TO DO. Please copy the data below exactly; none of the pictures in it belong in the copy.

DATA SHOWN.
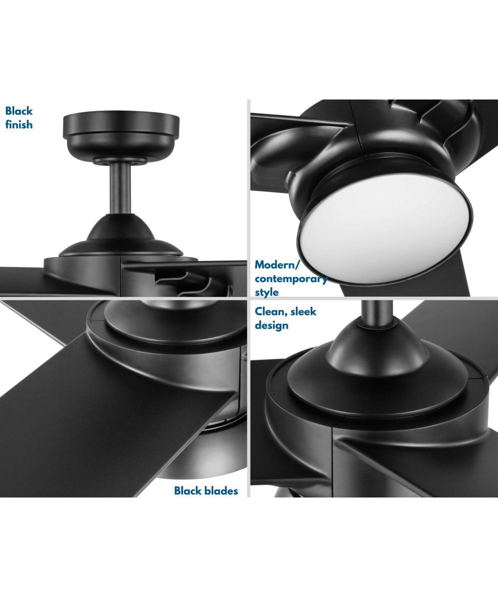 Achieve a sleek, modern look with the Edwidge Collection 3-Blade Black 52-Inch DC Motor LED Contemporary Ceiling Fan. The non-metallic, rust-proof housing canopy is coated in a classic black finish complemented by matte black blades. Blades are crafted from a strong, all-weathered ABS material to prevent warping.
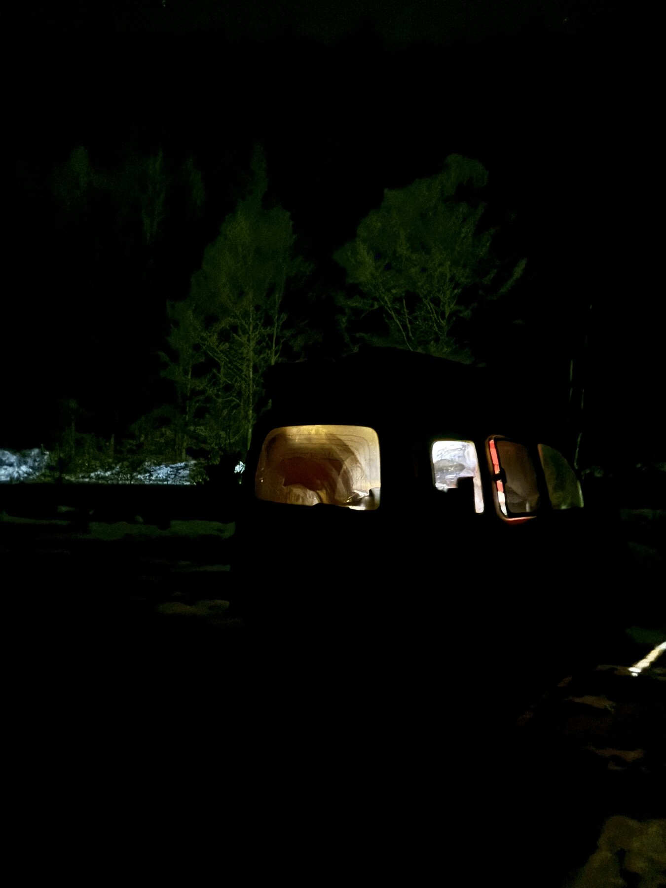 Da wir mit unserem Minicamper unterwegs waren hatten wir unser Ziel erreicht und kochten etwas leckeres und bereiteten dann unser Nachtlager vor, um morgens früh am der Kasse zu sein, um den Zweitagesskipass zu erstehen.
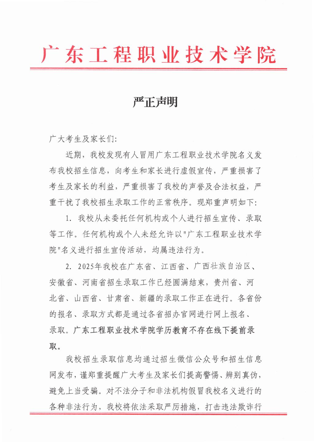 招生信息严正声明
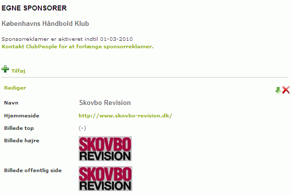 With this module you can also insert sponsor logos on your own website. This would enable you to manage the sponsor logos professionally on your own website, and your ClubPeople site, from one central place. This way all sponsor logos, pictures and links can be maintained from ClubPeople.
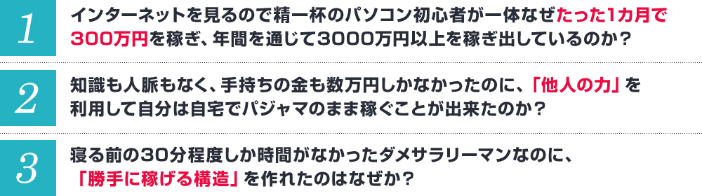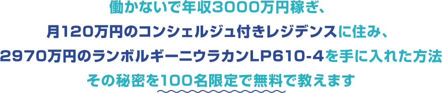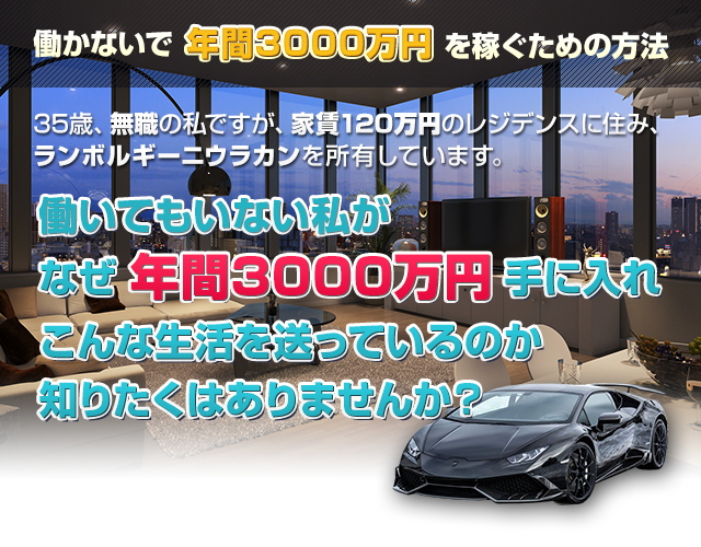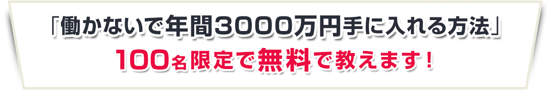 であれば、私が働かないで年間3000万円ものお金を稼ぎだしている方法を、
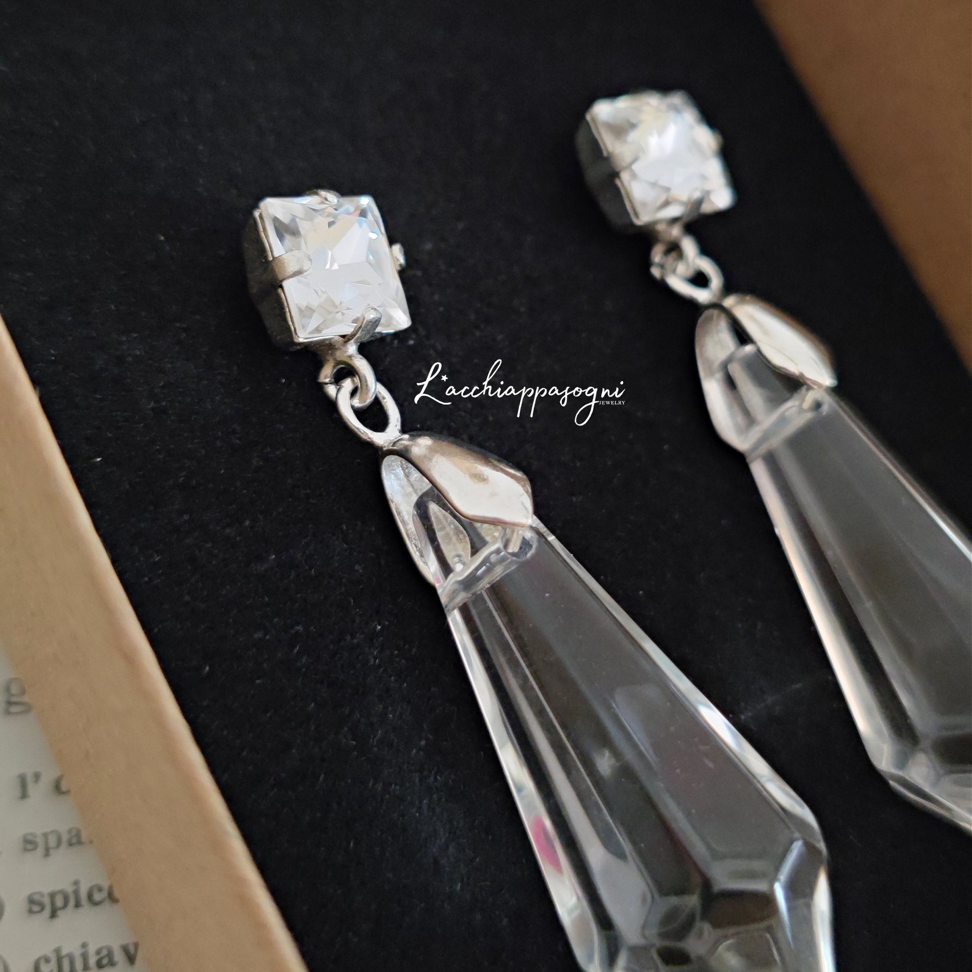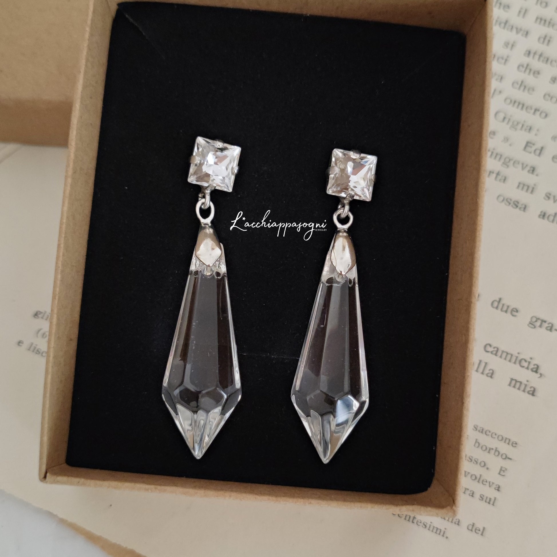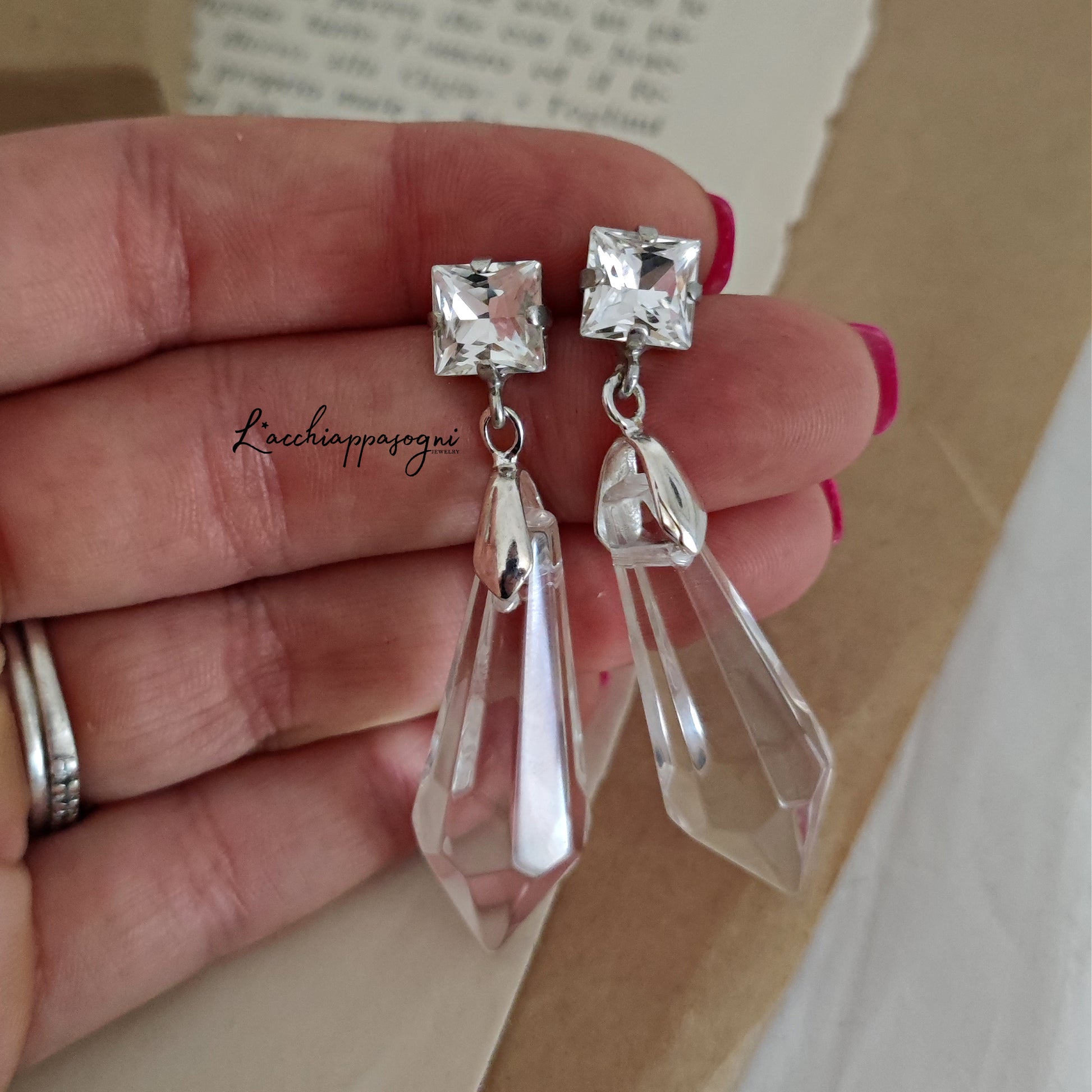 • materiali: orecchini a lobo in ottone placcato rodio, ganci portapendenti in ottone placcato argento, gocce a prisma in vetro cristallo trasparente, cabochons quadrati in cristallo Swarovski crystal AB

SOLUTION FOR THIS TASK.
 Achieve a sleek, modern look with the Edwidge Collection 3-Blade Black 52-Inch DC Motor LED Contemporary Ceiling Fan. The non-metallic, rust-proof housing canopy is coated in a classic black finish complemented by matte black blades. Blades are crafted from a strong, all-weathered ABS material to prevent warping.
 Da wir mit unserem Minicamper unterwegs waren hatten wir unser Ziel erreicht und kochten etwas leckeres und bereiteten dann unser Nachtlager vor, um morgens früh am der Kasse zu sein, um den Zweitagesskipass zu erstehen.
 招生信息严正声明
 With this module you can also insert sponsor logos on your own website. This would enable you to manage the sponsor logos professionally on your own website, and your ClubPeople site, from one central place. This way all sponsor logos, pictures and links can be maintained from ClubPeople.
 であれば、私が働かないで年間3000万円ものお金を稼ぎだしている方法を、
 • materiali: orecchini a lobo in ottone placcato rodio, ganci portapendenti in ottone placcato argento, gocce a prisma in vetro cristallo trasparente, cabochons quadrati in cristallo Swarovski crystal AB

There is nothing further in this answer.